◆ Prompt ◆
Set the whole listing down again, word for word, with no pictures.

◆ Dataset extract ◆
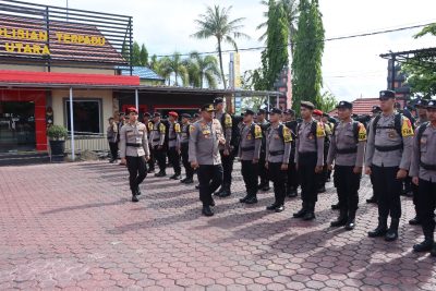 MUARA TEWEH, onlinesinarbarito.com – Kapolres Barito Utara, AKBP Gede Eka Yudharma, S.I.K., M.A.P., memimpin apel kesiapan pengamanan tempat pemungutan suara (TPS) di Kabupaten Barito Utara. Apel ini merupakan langkah persiapan untuk menyukseskan Pilkada Serentak 2024 yang akan segera berlangsung. Kegiatan tersebut dilaksanakan di halaman Polres Barito Utara pada Selasa (5/11/2024) pagi.
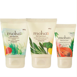 Your Spa at Home Kit contains: moha: Foot Care Cream moha: Nail Care Cream & moha: Aloe Vera Gel.
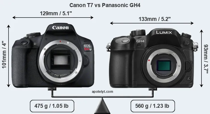 An illustration of the physical size and weight of the Canon T7 and the Panasonic GH4 is provided in the side-by-side display below. The two cameras are presented according to their relative size. Three consecutive perspectives from the front, the top, and the back are available. All width, height and depth dimensions are rounded to the nearest millimeter.

◆ Answer for this exercise ◆
 MUARA TEWEH, onlinesinarbarito.com – Kapolres Barito Utara, AKBP Gede Eka Yudharma, S.I.K., M.A.P., memimpin apel kesiapan pengamanan tempat pemungutan suara (TPS) di Kabupaten Barito Utara. Apel ini merupakan langkah persiapan untuk menyukseskan Pilkada Serentak 2024 yang akan segera berlangsung. Kegiatan tersebut dilaksanakan di halaman Polres Barito Utara pada Selasa (5/11/2024) pagi.
 Your Spa at Home Kit contains: moha: Foot Care Cream moha: Nail Care Cream & moha: Aloe Vera Gel.
 An illustration of the physical size and weight of the Canon T7 and the Panasonic GH4 is provided in the side-by-side display below. The two cameras are presented according to their relative size. Three consecutive perspectives from the front, the top, and the back are available. All width, height and depth dimensions are rounded to the nearest millimeter.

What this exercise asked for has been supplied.